*TASK DETAILS*.
A verbatim copy of all the data is required; the pictures should not appear in it.

════

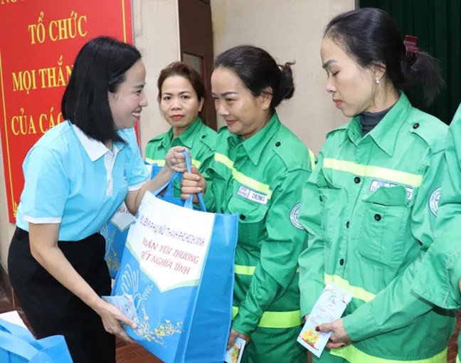 Dịp này, Hội LHPN TPHCM đã trao 500 phần quà tết chăm lo nữ công nhân khó khăn đang làm việc tại các đơn vị dịch vụ công ích, hợp tác xã môi trường tại TPHCM. Mỗi phần quà gồm hiện kim và hiện vật trị giá hơn 1,2 triệu đồng.
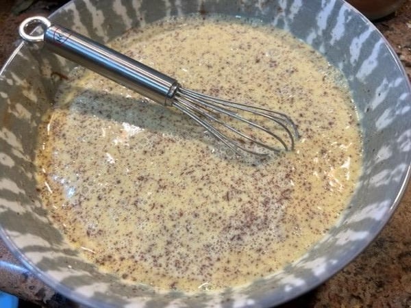 2. In a shallow bowl, whisk together eggs, heavy cream, milk, cinnamon, vanilla bean paste, salt, and sugar (you could even add a splash of bourbon or Grand Marnier if the mood moves you).
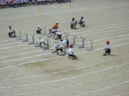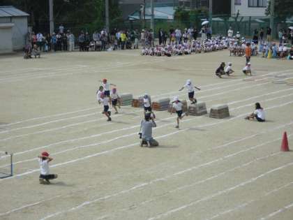 ゆけ!マリオ(個人走)の様子です。スターターの先生もマリオに変身。とんでくぐってがんばりました。
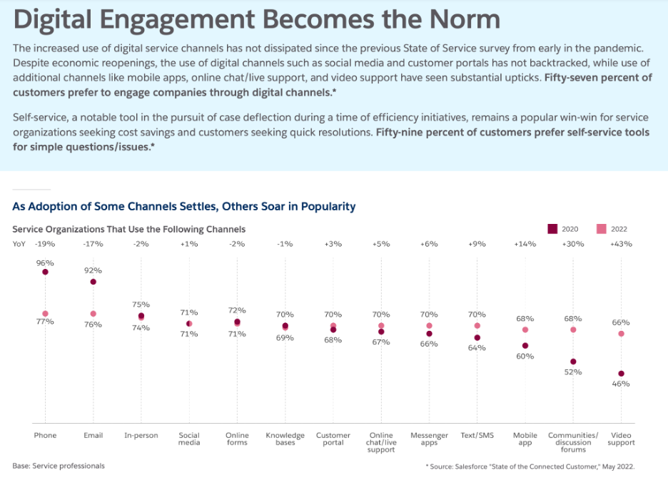 The chart above shows the engagement tools being used in the post-pandemic world. The number of companies using phone and email both have declined by roughly 15 percent. Meanwhile, 15 percent more companies are using video and community forums to engage customers in 2022 than back in 2020. Other channels – such as online forms, social media, and customer portals have remained the same. And while it’s tempting to chalk up the change in communication protocols to reduced workforce staff or the pandemic, it bears repeating that this type of interaction is preferred by 57 percent of customers.
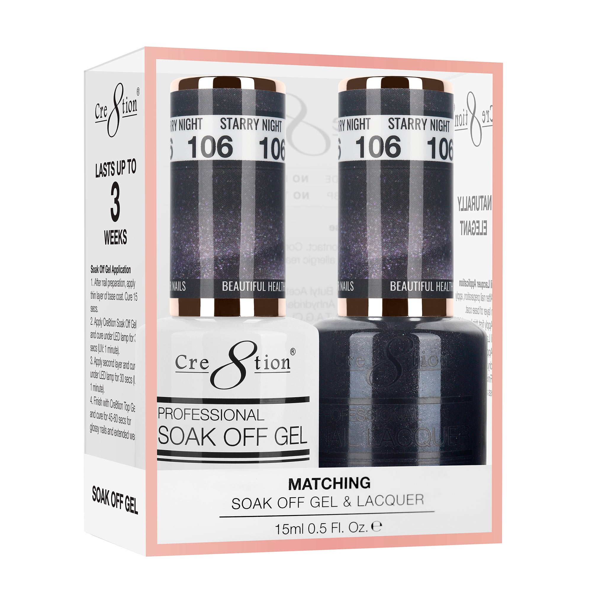 Cre8tion Soak Off Gel Matching Pair 0.5oz 106 STARRY NIGHT
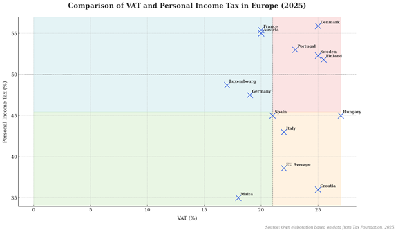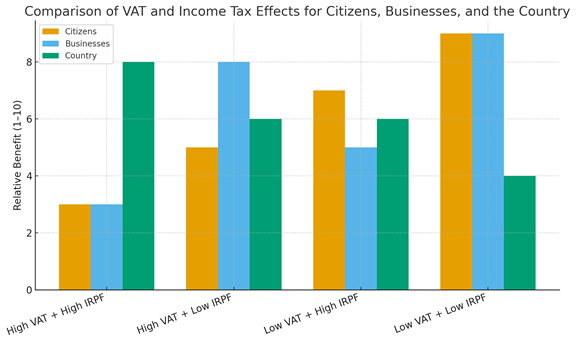Ultimately, a balanced tax system must generate revenue without hindering economic growth and be capable of financing social welfare without compromising development, combining a moderate VAT and a progressive income tax within a coherent and sustainable fiscal policy.

════

*SOLUTION FOR THIS PROBLEM*.
 Dịp này, Hội LHPN TPHCM đã trao 500 phần quà tết chăm lo nữ công nhân khó khăn đang làm việc tại các đơn vị dịch vụ công ích, hợp tác xã môi trường tại TPHCM. Mỗi phần quà gồm hiện kim và hiện vật trị giá hơn 1,2 triệu đồng.
 2. In a shallow bowl, whisk together eggs, heavy cream, milk, cinnamon, vanilla bean paste, salt, and sugar (you could even add a splash of bourbon or Grand Marnier if the mood moves you).
 ゆけ!マリオ(個人走)の様子です。スターターの先生もマリオに変身。とんでくぐってがんばりました。
 The chart above shows the engagement tools being used in the post-pandemic world. The number of companies using phone and email both have declined by roughly 15 percent. Meanwhile, 15 percent more companies are using video and community forums to engage customers in 2022 than back in 2020. Other channels – such as online forms, social media, and customer portals have remained the same. And while it’s tempting to chalk up the change in communication protocols to reduced workforce staff or the pandemic, it bears repeating that this type of interaction is preferred by 57 percent of customers.
 Cre8tion Soak Off Gel Matching Pair 0.5oz 106 STARRY NIGHT
Ultimately, a balanced tax system must generate revenue without hindering economic growth and be capable of financing social welfare without compromising development, combining a moderate VAT and a progressive income tax within a coherent and sustainable fiscal policy.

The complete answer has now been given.